What the exercise asks
Return the stretch from the line with "한 번에 ‘전체 금액’만" through the line with "The War Eagle" in the data below, character for character, skipping all pictures.

Exercise input
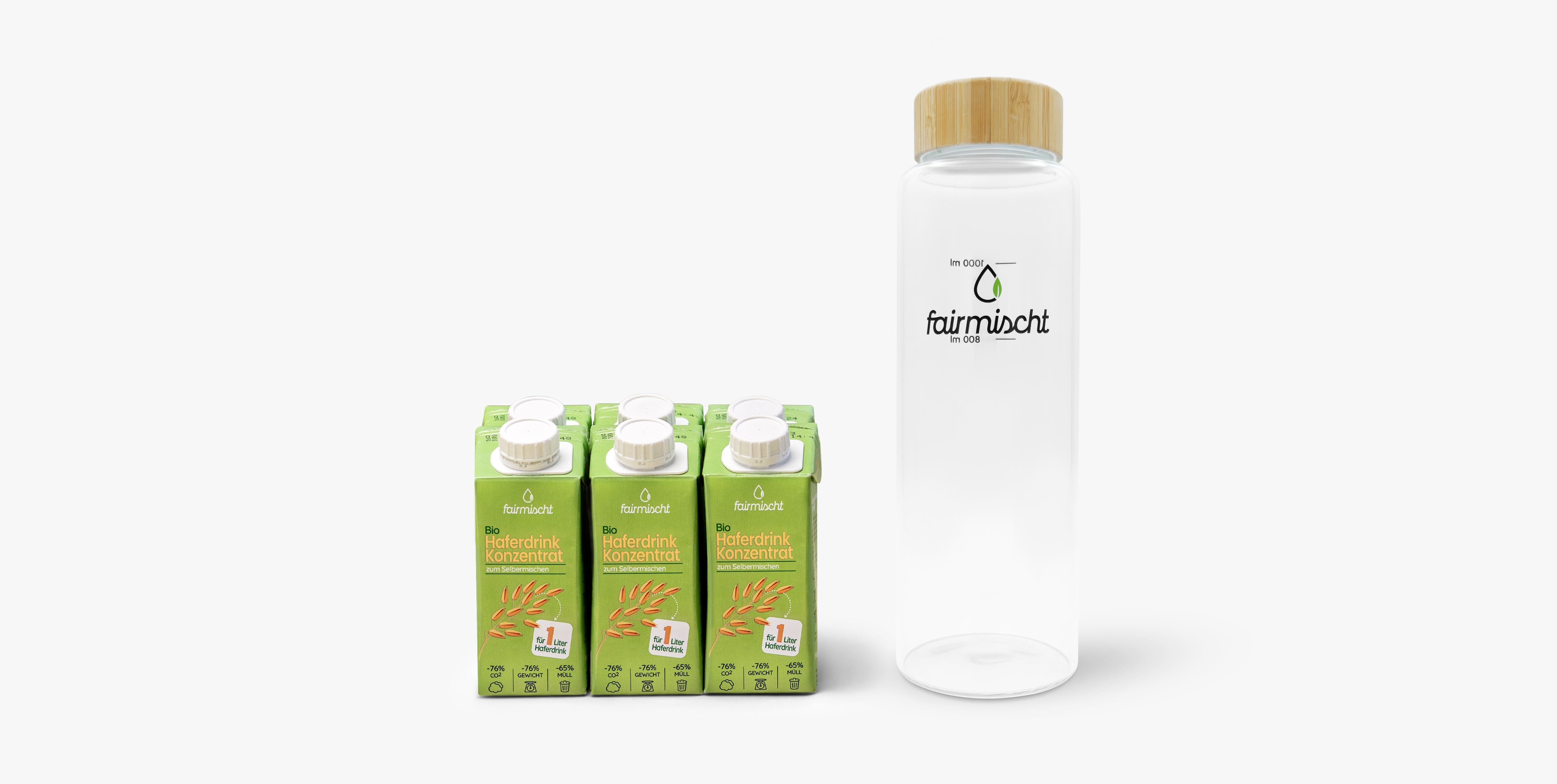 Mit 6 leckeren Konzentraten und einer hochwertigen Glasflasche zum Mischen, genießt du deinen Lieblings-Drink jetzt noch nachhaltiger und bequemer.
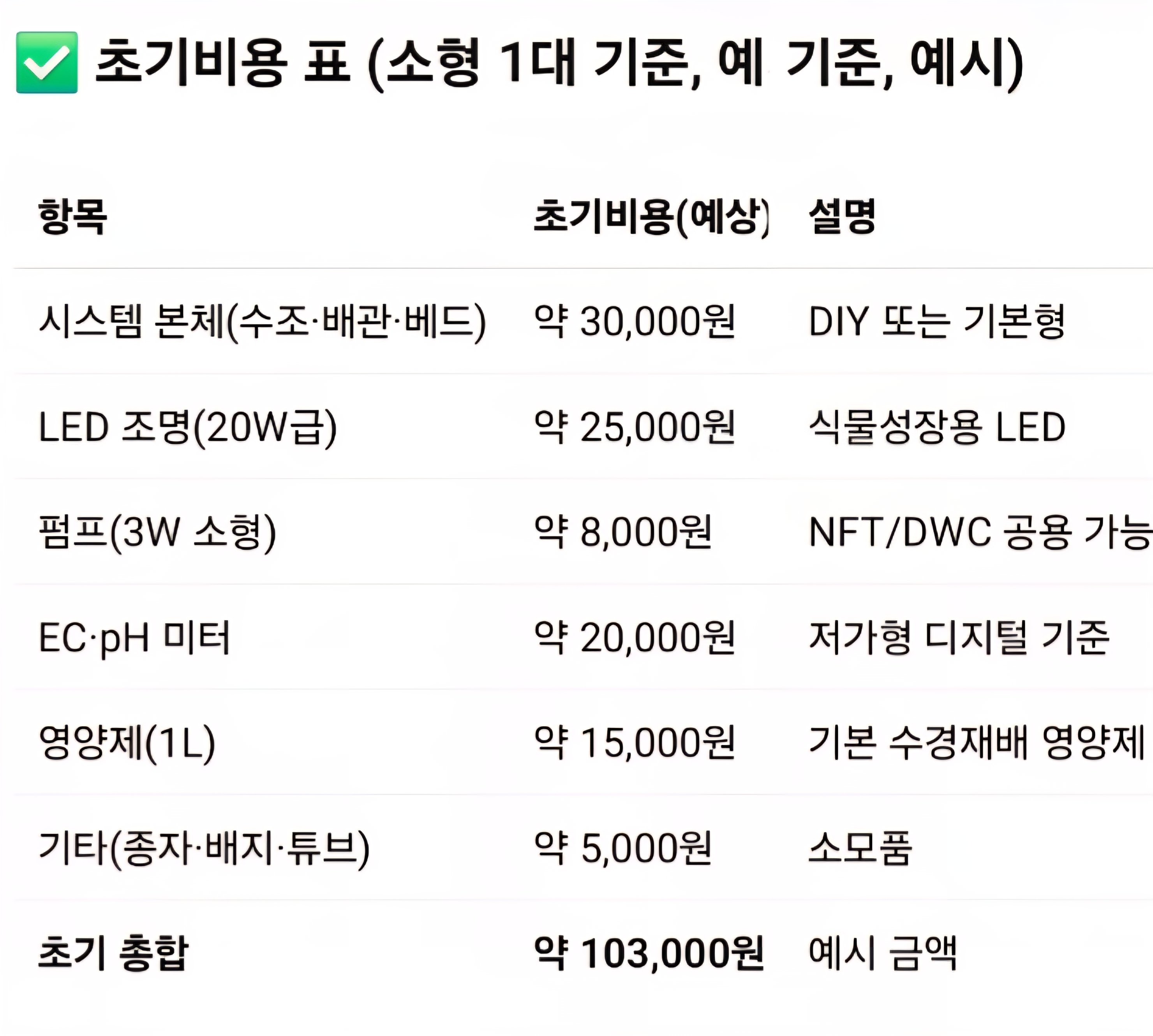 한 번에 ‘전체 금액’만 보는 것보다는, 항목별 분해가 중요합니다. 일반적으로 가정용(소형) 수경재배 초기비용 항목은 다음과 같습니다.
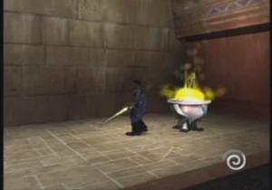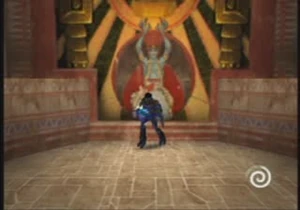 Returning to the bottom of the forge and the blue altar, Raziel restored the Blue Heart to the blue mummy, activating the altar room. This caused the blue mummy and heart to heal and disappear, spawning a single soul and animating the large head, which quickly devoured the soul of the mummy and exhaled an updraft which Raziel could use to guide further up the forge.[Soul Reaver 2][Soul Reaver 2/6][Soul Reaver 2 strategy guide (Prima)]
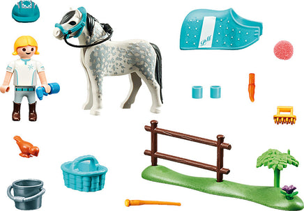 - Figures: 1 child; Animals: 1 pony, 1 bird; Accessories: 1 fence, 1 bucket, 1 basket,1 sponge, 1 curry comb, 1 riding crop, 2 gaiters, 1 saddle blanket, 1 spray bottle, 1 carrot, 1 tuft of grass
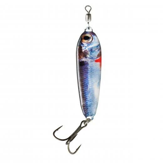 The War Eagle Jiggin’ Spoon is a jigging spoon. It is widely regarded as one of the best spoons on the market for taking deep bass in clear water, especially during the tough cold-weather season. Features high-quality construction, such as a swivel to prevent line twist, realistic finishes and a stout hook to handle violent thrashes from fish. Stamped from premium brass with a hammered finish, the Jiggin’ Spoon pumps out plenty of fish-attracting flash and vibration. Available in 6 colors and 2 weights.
...
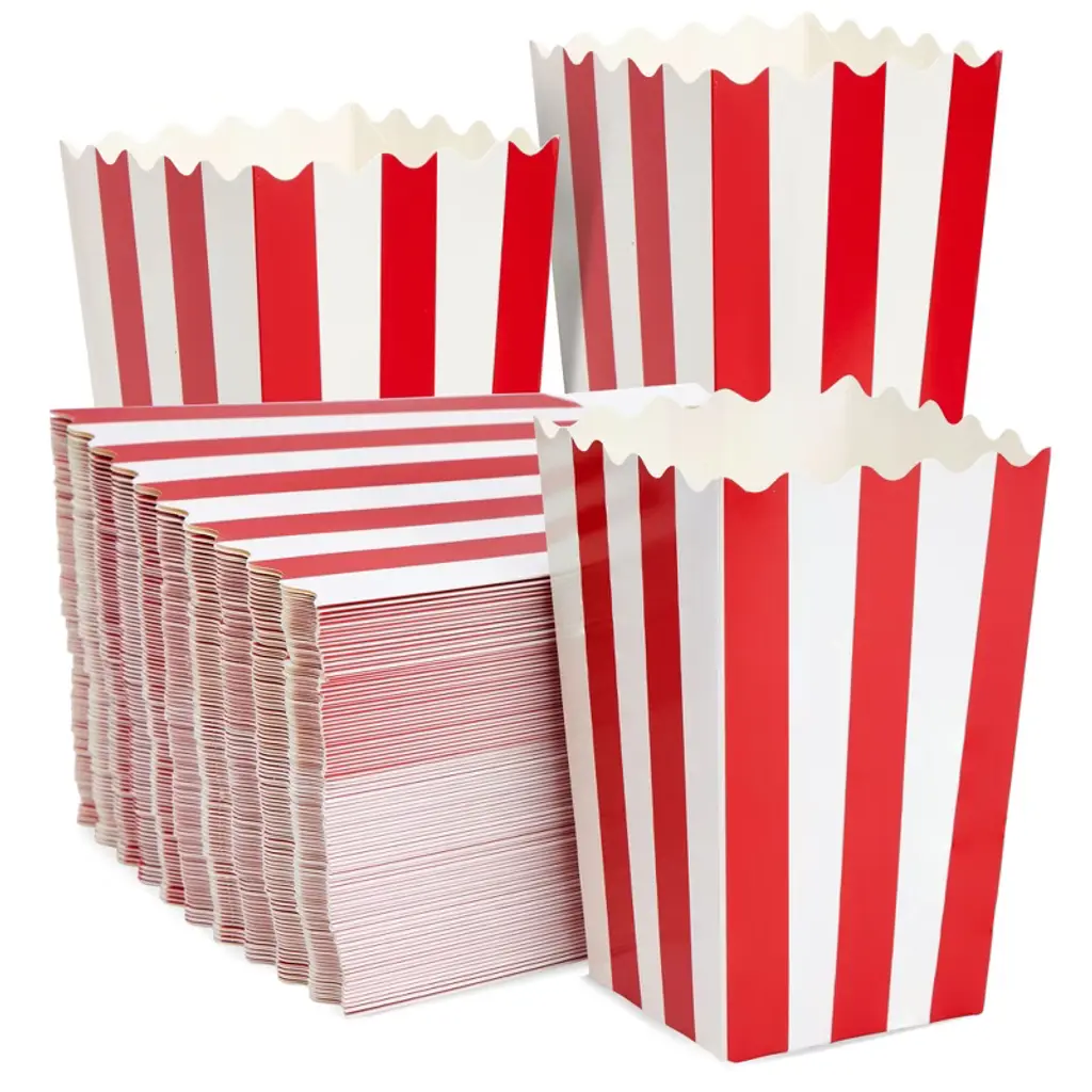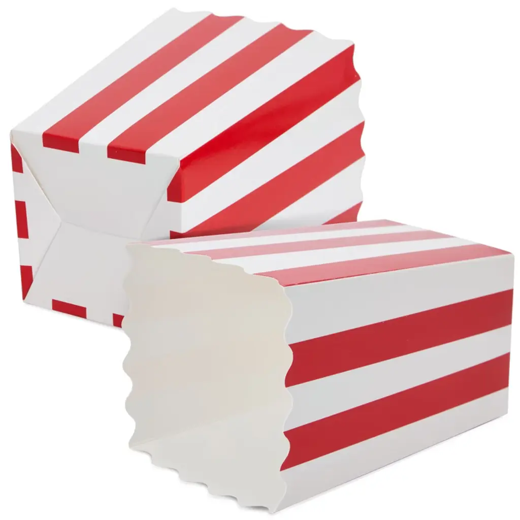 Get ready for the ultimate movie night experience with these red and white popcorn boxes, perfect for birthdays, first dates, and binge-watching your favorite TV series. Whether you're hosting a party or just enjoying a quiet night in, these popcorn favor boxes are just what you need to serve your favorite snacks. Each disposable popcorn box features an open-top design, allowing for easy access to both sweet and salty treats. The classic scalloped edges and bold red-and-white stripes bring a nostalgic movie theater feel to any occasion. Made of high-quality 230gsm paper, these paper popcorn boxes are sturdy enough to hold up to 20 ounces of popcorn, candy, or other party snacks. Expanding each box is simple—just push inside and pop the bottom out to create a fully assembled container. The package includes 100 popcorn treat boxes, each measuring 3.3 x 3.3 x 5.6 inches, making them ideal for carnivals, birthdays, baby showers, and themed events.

Result of this exercise
 한 번에 ‘전체 금액’만 보는 것보다는, 항목별 분해가 중요합니다. 일반적으로 가정용(소형) 수경재배 초기비용 항목은 다음과 같습니다.
 Returning to the bottom of the forge and the blue altar, Raziel restored the Blue Heart to the blue mummy, activating the altar room. This caused the blue mummy and heart to heal and disappear, spawning a single soul and animating the large head, which quickly devoured the soul of the mummy and exhaled an updraft which Raziel could use to guide further up the forge.[Soul Reaver 2][Soul Reaver 2/6][Soul Reaver 2 strategy guide (Prima)]
 - Figures: 1 child; Animals: 1 pony, 1 bird; Accessories: 1 fence, 1 bucket, 1 basket,1 sponge, 1 curry comb, 1 riding crop, 2 gaiters, 1 saddle blanket, 1 spray bottle, 1 carrot, 1 tuft of grass
 The War Eagle Jiggin’ Spoon is a jigging spoon. It is widely regarded as one of the best spoons on the market for taking deep bass in clear water, especially during the tough cold-weather season. Features high-quality construction, such as a swivel to prevent line twist, realistic finishes and a stout hook to handle violent thrashes from fish. Stamped from premium brass with a hammered finish, the Jiggin’ Spoon pumps out plenty of fish-attracting flash and vibration. Available in 6 colors and 2 weights.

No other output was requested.